In Brief: Justice Dhulia’s Judgement In Karnataka ‘Hijab Case’
A division bench of the Supreme Court delivered its verdict on the hijab matter yesterday (13 October): The Supreme Court was hearing a bunch of petitions challenging the Karnataka High Court judgement on the matter.
The Karnataka High Court had upheld a state government order disallowing the wearing of hijab inside classrooms in educational institutions.
The two-judge bench of the apex court delivered a split verdict.
While Justice Hemant Gupta upheld the Karnataka High Court judgement, Justice Sudhanshu Dhulia opined in favour of setting aside the Karnataka High Court verdict.
Justice Dhulia held that wearing of hijab promotes diversity in educational institutions.
He categorically mentioned that schools are the perfect institution where students can be taught about the constitutional values of tolerance and accommodation towards those who speak a different language, eat different food and wear different clothes.
He also says in his judgement that during school time students should learn to not be alarmed by the rich diversity of our country, but to rejoice and celebrate diversity.
Students should be made to realise that diversity is our strength, according to Justice Dhulia.
Thereafter, he briefly mentions that under the constitutional scheme of things, wearing of hijab should be a matter of choice.
He turned down the argument of the Karnataka High Court judgement that one cannot assert their fundamental rights inside a class, which is a qualified public place.
Justice Dhulia said that if the point being made by the High Court was regarding discipline in school, then that must be accepted.
However, discipline at the cost of freedom and dignity is not something that can be accepted under the Constitution, according to him.
He stated that, “Asking a pre university schoolgirl to take off her hijab at her school gate, is an invasion on her privacy and dignity. It is clearly violative of the Fundamental Right given to her under Article 19(1)(a) and 21 of the Constitution of India. This right to her dignity and her privacy she carries in her person, even inside her school gate or when she is in her classroom. It is still her Fundamental Right, not a “derivative right” as has been described by the High Court.”
He said that due to the hijab ban some students were not able to appear for their board examinations, and many others had to seek transfer to other schools, mainly madrasas where they would not be able to get the same quality of education.
He remarked that the state government is obliged to answer as to what is more important, ‘Education of Girl Child’ or ‘Enforcement of Dress Code’.
Justice Dhulia said that one of the best sights in India is that of a girl child leaving for her school: She is our hope for the future, but education of girl child remains a problem.
Therefore, the government should be conscious of the challenges faced by a girl child, and the case has to be looked at from the perspective of the challenges faced by her in getting education.
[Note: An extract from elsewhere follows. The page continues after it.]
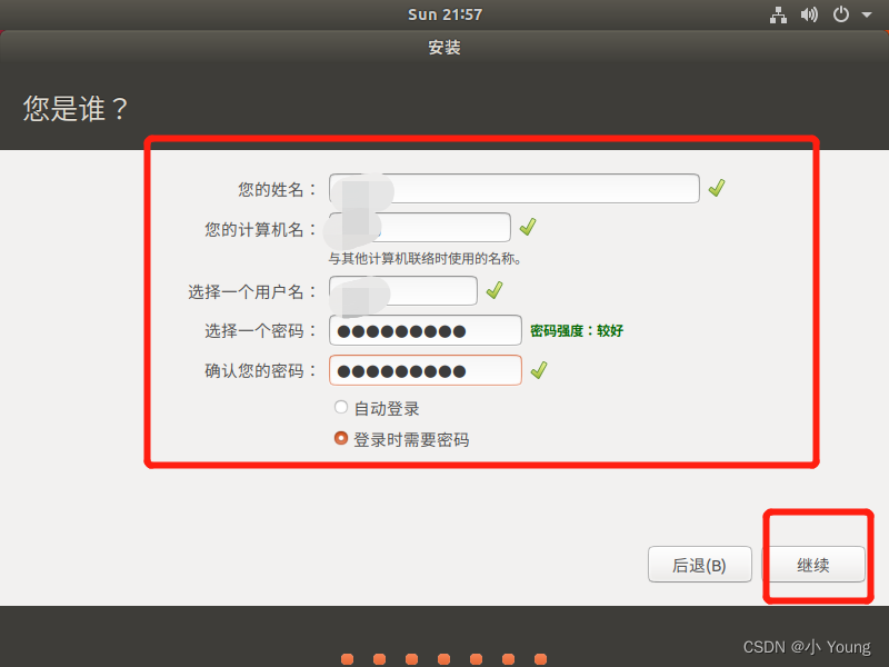 输入你的信息,名字和密码不要输入得太长了,后面使用命令安装软件很麻烦的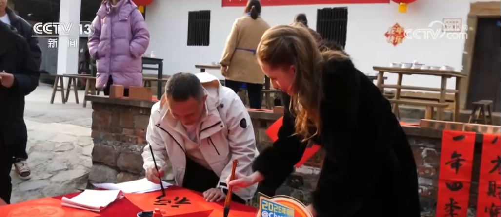 除了看表演,还可以品尝传统美食、写春联、制作年夜饭。来凤鱼是当地的非遗传统美食,以其色彩鲜艳、香气醇厚、麻辣鲜香,备受食客喜爱。在非遗传承人的指导下,大家围在一起,掌勺翻炒,亲手参与到年夜饭制作的每一个环节,感受热气腾腾的年味。

Bottom line: Lastly, Justice Dhulia said that the issue “may or may not be a matter of essential religious practice, but it still is, a matter of conscience, belief, and expression. If she wants to wear hijab, even inside her classroom, she cannot be stopped, if it is worn as a matter of her choice, as it may be the only way her conservative family will permit her to go to school, and in those cases, her hijab is her ticket to education.”